The least squares loss function and its related knowledge are mentioned in linear regression. For this part of the knowledge is unclear to the students can refer to the previous article "linear regression, gradient descent." This paper focuses on the method of constructing loss function and minimizing loss function using least squares method.
Construction of loss function by least squares method
The least squares method is also an optimization approach, which is used to obtain the optimal value of the objective function. To put it simply: Let's minimize the total fit error (i.e. total residuals) of the predicted value and the real value.

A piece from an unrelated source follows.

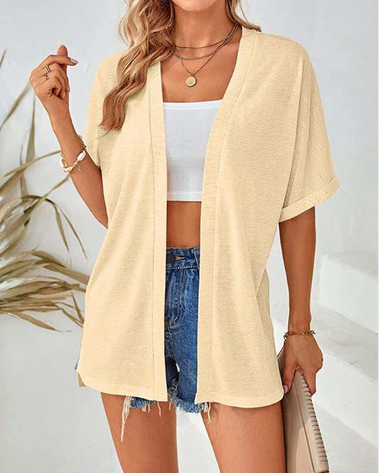 Solid Color Button-Front Short Sleeve Sweater Cardigan
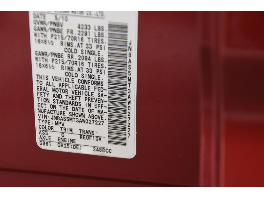 See what's behind you with the back up camera on this small suv. Set the temperature exactly where you are most comfortable in it. The fan speed and temperature will automatically adjust to maintain your preferred zone climate. Front wheel drive on this vehicle gives you better traction and better fuel economy. The vehicle gleams with a flashy red exterior. This small suv has a 4 Cyl, 2.5L high output engine. The vehicle is accented with a stylish rear spoiler. This model is accented with premium quality alloy wheels. The Electronic Stability Control will keep you on your intended path. This 2010 Nissan Rogue has an automatic transmission. This Nissan Rogue features cruise control for long trips. Anti-lock brakes are standard on it. Enjoy the tried and true gasoline engine in the Nissan Rogue. The perfect balance of space and size. the vehicle cruises through the city with ease.

The loss function is constructed using the least squares method in linear regression:
In the previous article, "Linear regression, gradient descent" mentioned in the solution of the loss function J (θ) to take the minimum θ value has two methods: gradient descent (gradient descent) and the regular equation (the normal equations). The following is mainly about the regular equation. Gradient descent method minimizing loss function reference article "linear regression, gradient descent"
The regular equation
The training features are represented as X-matrices, the results are expressed as Y-vectors, and the linear regression model is still the same, and the loss function is unchanged. Then θ can be derived directly from the following formula:
The derivation process involves the knowledge of linear algebra, where the linear algebra knowledge is not expanded in detail.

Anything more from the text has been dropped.